Par Jean-Louis Ezine
La "Recherche" déclinée par Jean-Paul et Raphaël Enthoven en 324 thèmes: c'est le prix Femina de l'essai 2013.
JEAN-PAUL ENTHOVEN, né en 1949, est éditeur
chez Grasset, critique littéraire au "Point", auteur des "Enfants de
Saturne".
Son fils, RAPHAEL ENTHOVEN, né en 1975, est professeur de philosophie,
producteur à France-Culture, auteur du "Philosophe de service". Quelques
semaines après sa sortie, le premier tirage de 14.000 exemplaires du
"Dictionnaire" est déjà épuisé. (©DR)
«Oubliez un peu Proust», suppliait il y a peu le maître en personne de la proustologie, Jean-Yves Tadié.
Ah, monsieur le professeur, mais c'est qu'on ne peut pas ! Un artiste
conceptuel s'y est essayé: chaque jour, avec le côté bleu de sa gomme,
il a effacé une page de la «Recherche». Et pour quel résultat? L'espèce
de sciure ainsi récoltée s'expose dans des galeries d'avant-garde comme
la poussière du temps perdu.Voilà à quoi mène la proustolâtrie, et on ne compte plus les manifestations cliniques de cette religion fatale, telle qu'y conduit depuis un siècle le culte de Marcel, détaillé avec autant d'humour circonspect que de gravité suave dans ses rites, ses temples et sa liturgie tout au long du «Dictionnaire amoureux» que lui consacrent les Enthoven père et fils.
Au reste, si les auteurs s'amusent de cette sorte de sorcellerie ou de vaudou intellectuel, on devine qu'ils en savourent trop les motifs pour paraître se gausser. Entre proustiens, on s'affectionne. On sait bien que tout ça se joue au deuxième degré, là où la vulgarité du monde n'atteint pas. Proust est un fournisseur de joie aux chercheurs de toute espèce.
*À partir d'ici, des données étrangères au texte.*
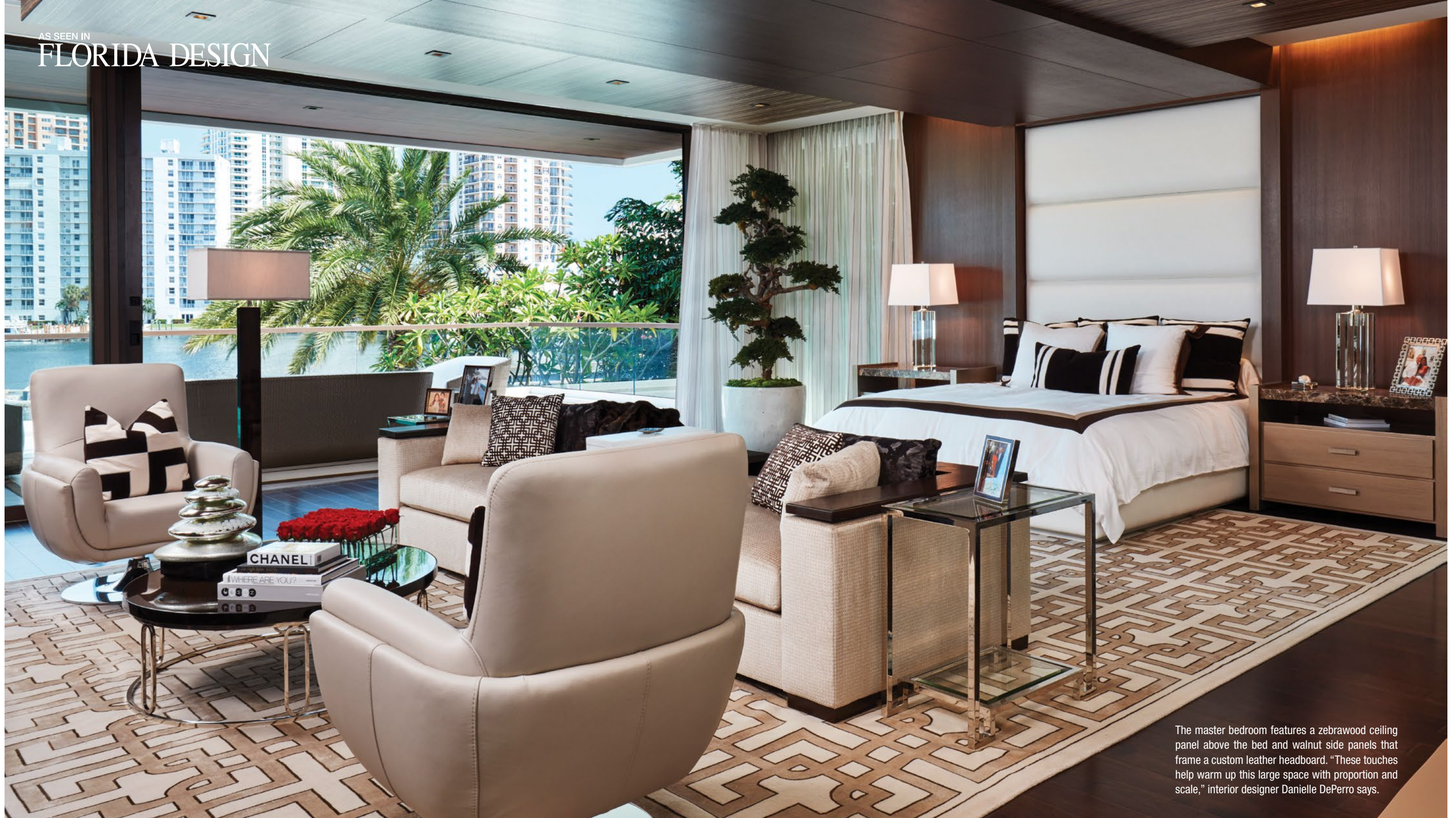
The master bedroom features a zebrawood ceiling panel above the bed and walnut side panels that frame a custom leather headboard. "These touches help warm up this large space with proportion and scale," interior designer Danielle DePerro says.

might play," the designer says. The floating walnut soffit above had to be designed and planned far in advance so that supports could be placed during initial construction. Here too, DePerro added an elegant touch with LED lighting around the inside and outside of the woodwork. "We really pushed the envelope with our use of lighting in the home," she says. Beyond, kitchen cabinetry from Poggenpohl lends a striking impression in dark wood with clean lines.

Alphabétique, mais à peine raisonné
Il ne manquait plus que d'en établir le catalogue. Alphabétique, mais à peine raisonné, l'ouvrage traîne après lui une gaieté sans mélange, de A (comme «asperge», il va sans dire, cette façon de verge végétale servie à tout propos à la table du Narrateur) à Z (comme «Zidane», dont le coupable coup de tête en mondiovision lors d'un tournoi de football aurait été inspiré par un épisode de la «Recherche»).On voit par là que Mme Verdurin va devoir encore se tenir sévèrement les côtes, elle qui n'a pas son pareil pour dissimuler ses fous rires, «comme un enfant qui joue à cache-cache». Mais, comme le disait Queneau, qui classait Proust juste après la Bible, il n'y a pas que la rigolade dans la vie.
On se réjouit donc de constater que Schopenhauer, Spinoza et même Plotin, encore qu'il ne soit cité qu'une seule fois dans la «Recherche», ont leurs entrées dans ce monument d'érudition, tout comme la métempsycose, la procrastination, le palimpseste et, bien entendu, l'insomnie. Laquelle menace les curieux que cette plaisante encyclopédie va jeter sur les routes proustiennes. Mais il paraît que l'insomnie est un bienfait, c'est Marcel qui l'a dit.
Jean-Louis Ezine
Dictionnaire amoureux de Marcel Proust, par Jean-Paul et Raphaël Enthoven,
Plon et Grasset, 730 p., 24,50 euros.
Plon et Grasset, 730 p., 24,50 euros.